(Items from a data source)
━━━━━━━━━━━━━━━━

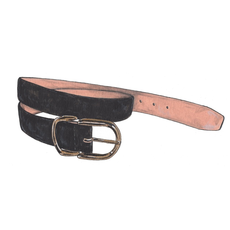 The Emilia Belt (No. 6929). Prong on the buckle for fit adjustment. Antique brass buckle on supple Italian suede sourced from Italian tannery Gruppo Mastrotto. Imported.
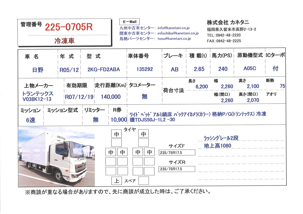| 形状 | 冷凍車 | 年式 | R05/12 |
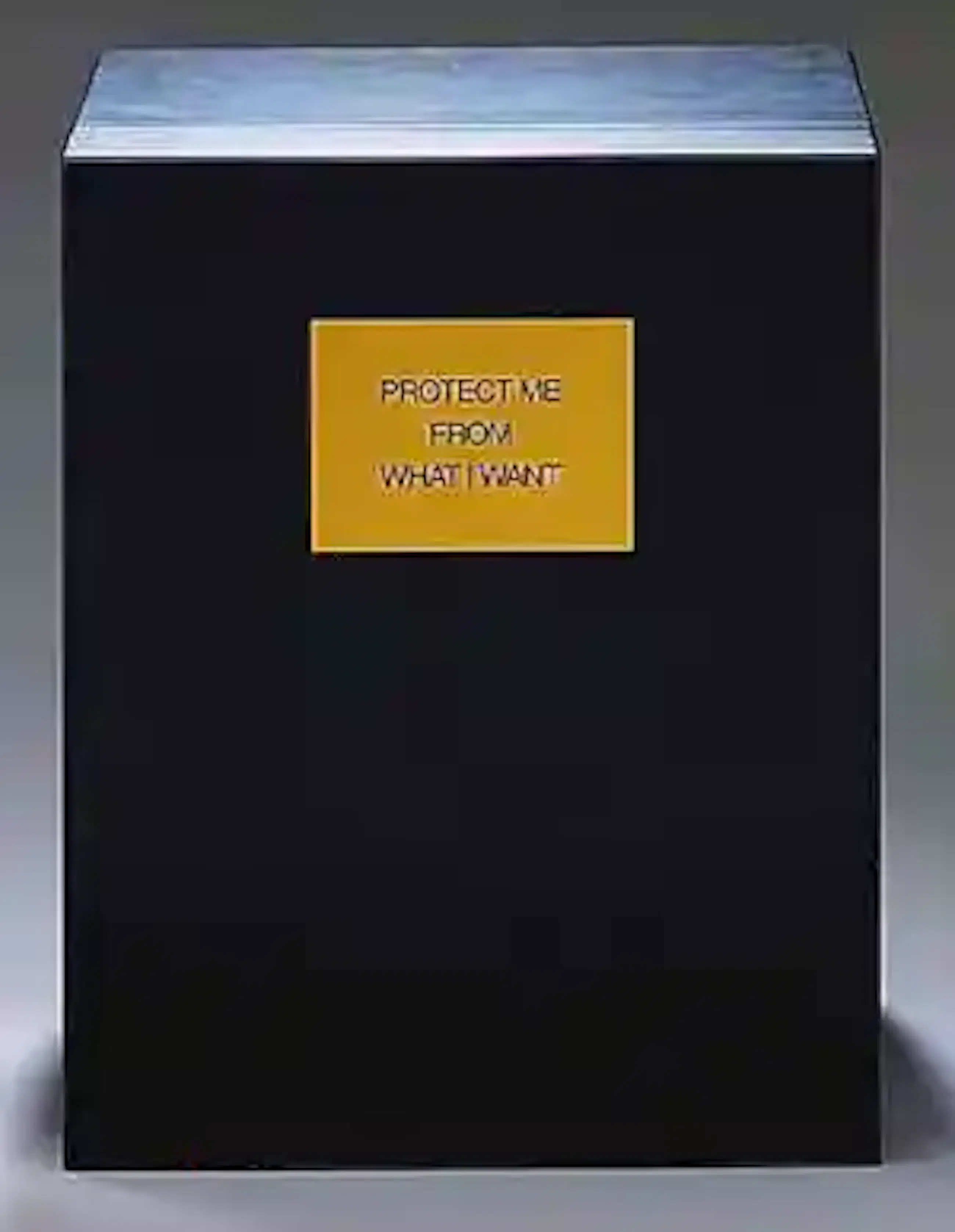 Zwart houten doos van de editie Protect me from what I want. Speciaal als object ontworpen door Jenny Holzer Let op; DE DOOS IS LEEG. Het betreft hier alleen de doos. Wel bedoeld als zelfstandig item met geel emaille plaatje op de deksel
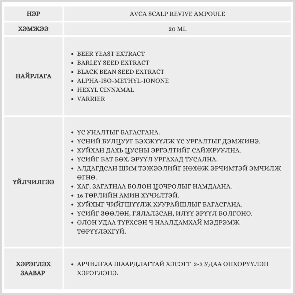 AVCA SCALP REVIVE AMPOULE / ҮСНИЙ АМПУЛЬ /
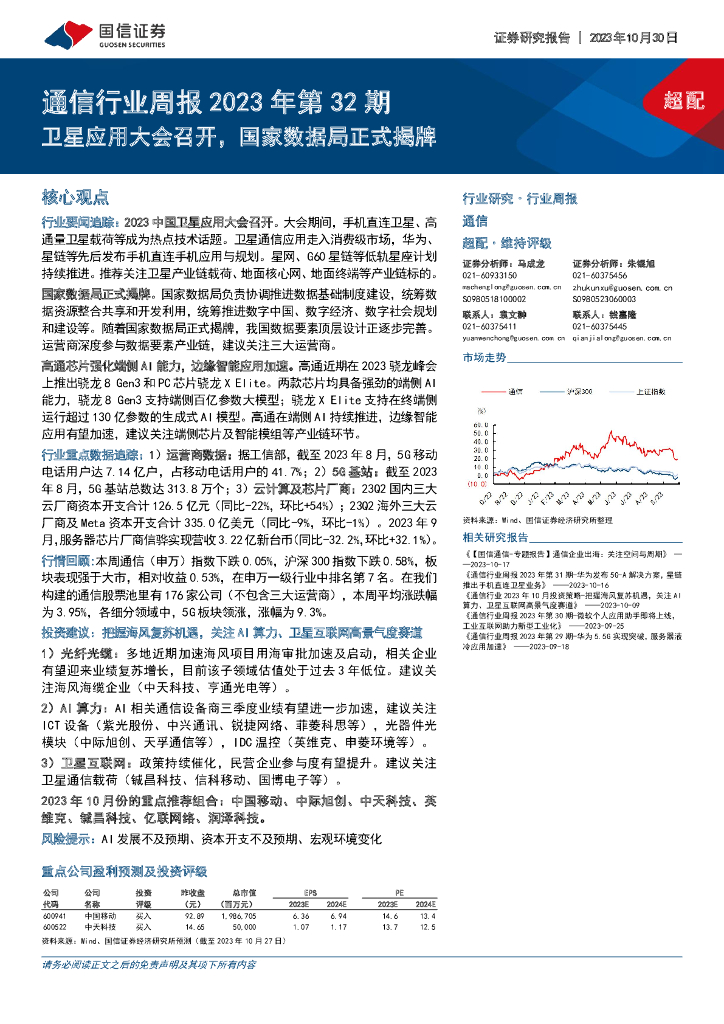 国信证券:通信行业周报2023年第32期:卫星应用大会召开,国家数据局正式揭牌.pdf
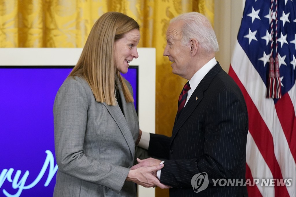 | ▲ 지난 3월 신디 팔로 콘 미국축구협회 회장(왼쪽)과 조 바이든 대통령(오른쪽) [AP=연합뉴스] |
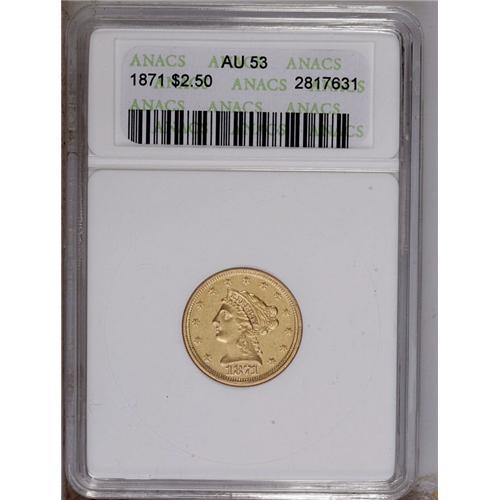 <B>1871 $2 1/2 AU53 ANACS.</B></I> A scarce issue with an impressively low mintage of only 5,350 pieces. This is a well struck coin with muted luster, even light coloration, and a relatively small quantity of trivial contact marks, for an AU example.
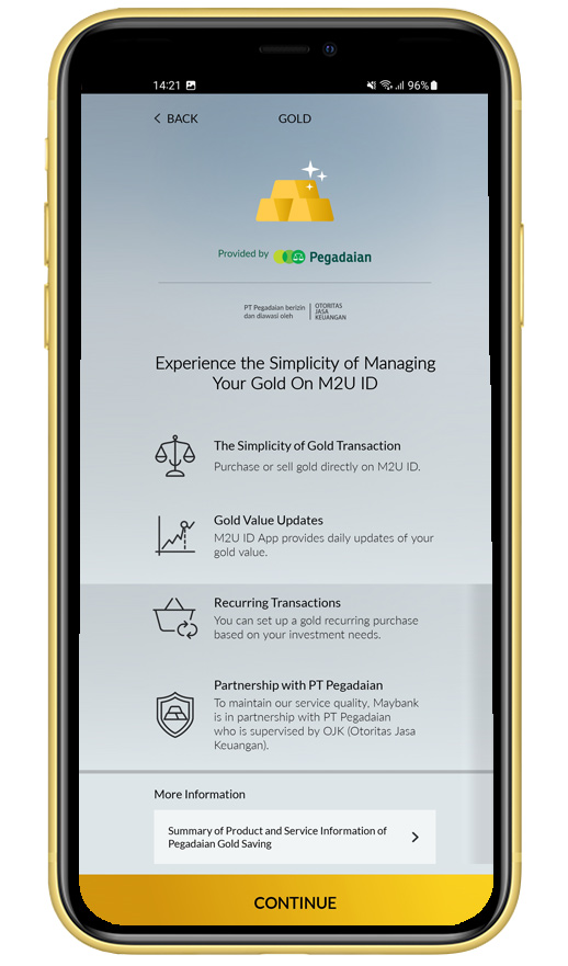 Pegadaian Gold Savings via the M2U ID App is a digital gold investment service from Maybank Indonesia in collaboration with PT Pegadaian. Through this service, customers can start saving gold from as little as IDR 10,000 easily and securely.

━━━━━━━━━━━━━━━━

**What is being asked**
What is needed is an exact restatement of every line from the line containing "年式 | R05/12 |" through the last line of the records, minus any pictures.

**Problem solution**
| 形状 | 冷凍車 | 年式 | R05/12 |
 Zwart houten doos van de editie Protect me from what I want. Speciaal als object ontworpen door Jenny Holzer Let op; DE DOOS IS LEEG. Het betreft hier alleen de doos. Wel bedoeld als zelfstandig item met geel emaille plaatje op de deksel
 AVCA SCALP REVIVE AMPOULE / ҮСНИЙ АМПУЛЬ /
 国信证券:通信行业周报2023年第32期:卫星应用大会召开,国家数据局正式揭牌.pdf
 | ▲ 지난 3월 신디 팔로 콘 미국축구협회 회장(왼쪽)과 조 바이든 대통령(오른쪽) [AP=연합뉴스] |
 <B>1871 $2 1/2 AU53 ANACS.</B></I> A scarce issue with an impressively low mintage of only 5,350 pieces. This is a well struck coin with muted luster, even light coloration, and a relatively small quantity of trivial contact marks, for an AU example.
 Pegadaian Gold Savings via the M2U ID App is a digital gold investment service from Maybank Indonesia in collaboration with PT Pegadaian. Through this service, customers can start saving gold from as little as IDR 10,000 easily and securely.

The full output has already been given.